Prophylaxis of PONV includes intravenous dexamethasone 5 mg after anesthesia induction and intraoperative ondansetron 4 mg. At PACU discharge and 24 and 48 h postoperatively, the severity of PONV will be rated as none, mild (not compromising activities of daily living), moderate (sometimes compromising activities of daily living), or severe (inability to have activities of daily living or ≥ 3 vomits) [13, 14]. If patients experience severe PONV, antiemetic rescue therapy with additional ondansetron 4 mg will be given. For postoperative analgesia, patients will receive flurbiprofen axetil 50 mg at the end of surgery and every 12 h during the first 2 days postoperatively. Pain scores at 24 and 48 h postoperatively as well as the worst pain will be assessed using the numerical rating scale (NRS, 0–10; 0 = no pain, 10 = the most severe pain). If patients experience moderate-to-severe pain with NRS scores ≥ 4, rescue analgesia with intravenous nalbuphine or dezocine will be administered.

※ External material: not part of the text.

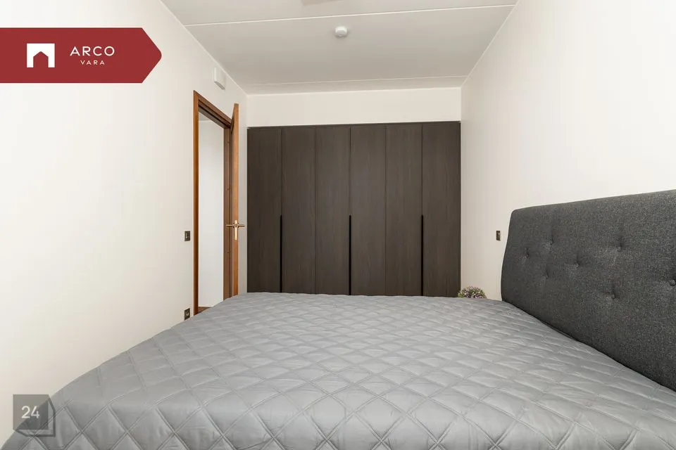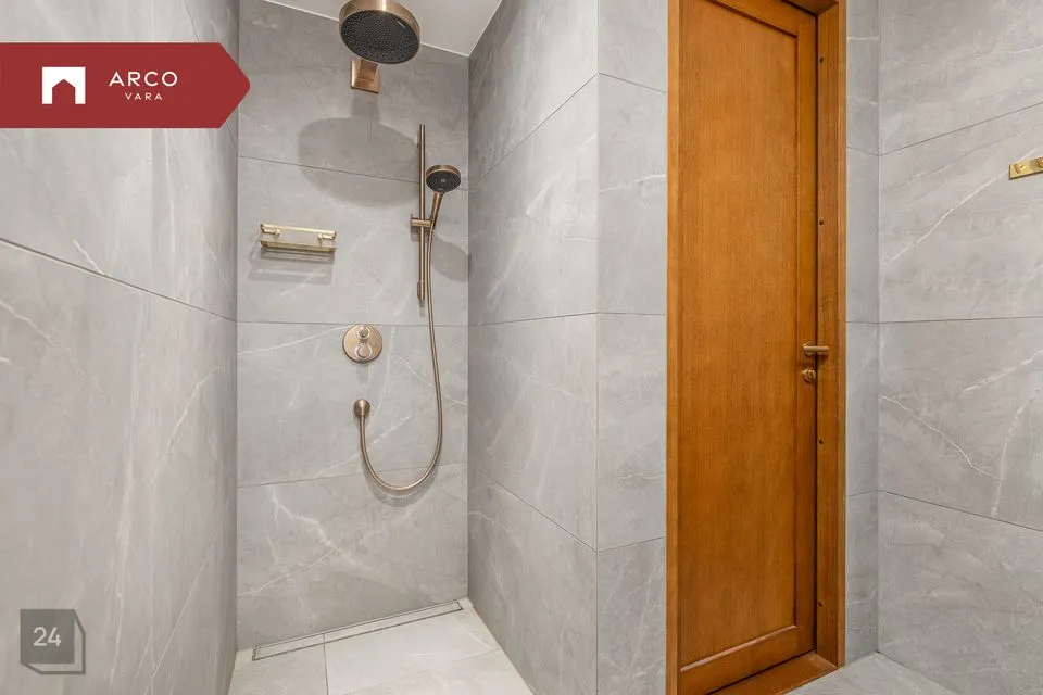 Vannituba on kaasaegse viimistlusega: seintel ja põrandal suured keraamilised plaadid, kvaliteetne santehnika ning lisamugavust pakkuvad Duravit valamualune kapp ja peegel. Santehnika kuulub Hansgrohe harjatud messingist seeriasse, mis rõhutab üldist luksuslikku joont.
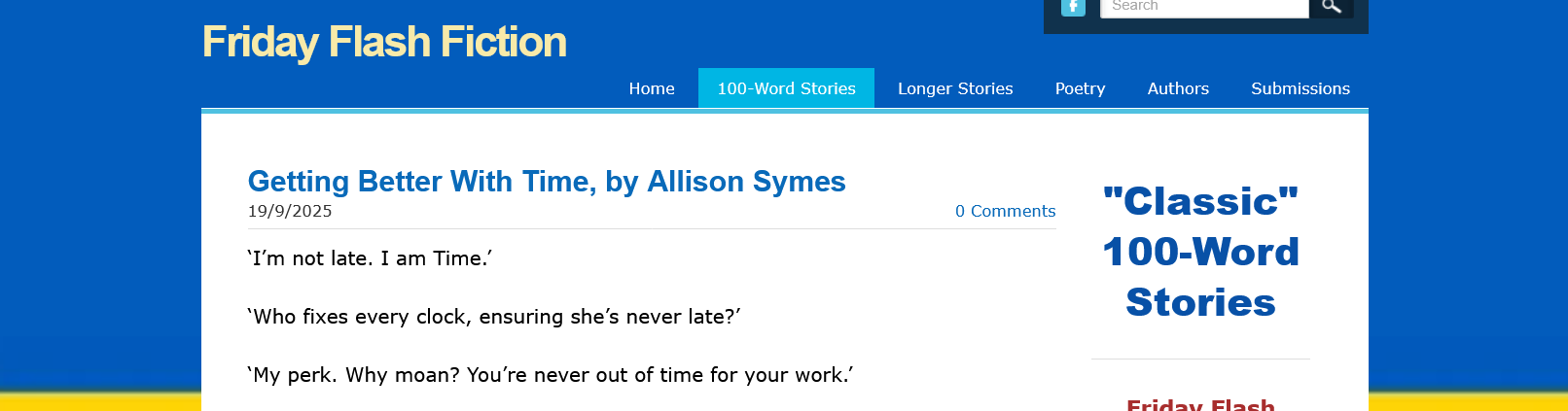 Screenshot 2025-09-19 at 10-10-37 Getting Better With Time by Allison Symes – Friday Flash Fiction

During surgery and in the PACU, hypotension (a decrease in MBP > 30% of baseline value), bradycardia (HR < 50 beats/min), hypertension (an increase in MBP > 30% of baseline value), and tachycardia (HR > 100 beats/min) will be treated using ephedrine, phenylephrine, atropine, esmolol, or urapidil at the discretion of the attending anesthesiologist. Sedation will be assessed in the PACU using the Richmond Agitation Sedation Scale, with a score of ≤ − 2 indicating postoperative sedation [10, 15]. Hypoxemia (SpO2 < 90% on room air) in the PACU and surgical ward will be managed with oxygen supplementation via a nasal catheter or mask ventilation if necessary.
Study endpoints
The primary endpoint of this study is the incidence of PONV within the first 48 h postoperatively. The secondary endpoints are the severity of PONV, antiemetic rescue therapy, postoperative pain scores, the worst pain, need for rescue analgesia, postoperative sedation, hypotension, bradycardia, hypertension, tachycardia, hypoxemia, psychotomimetic or dissociative effects, time to extubation, and length of postanesthesia care unit stay.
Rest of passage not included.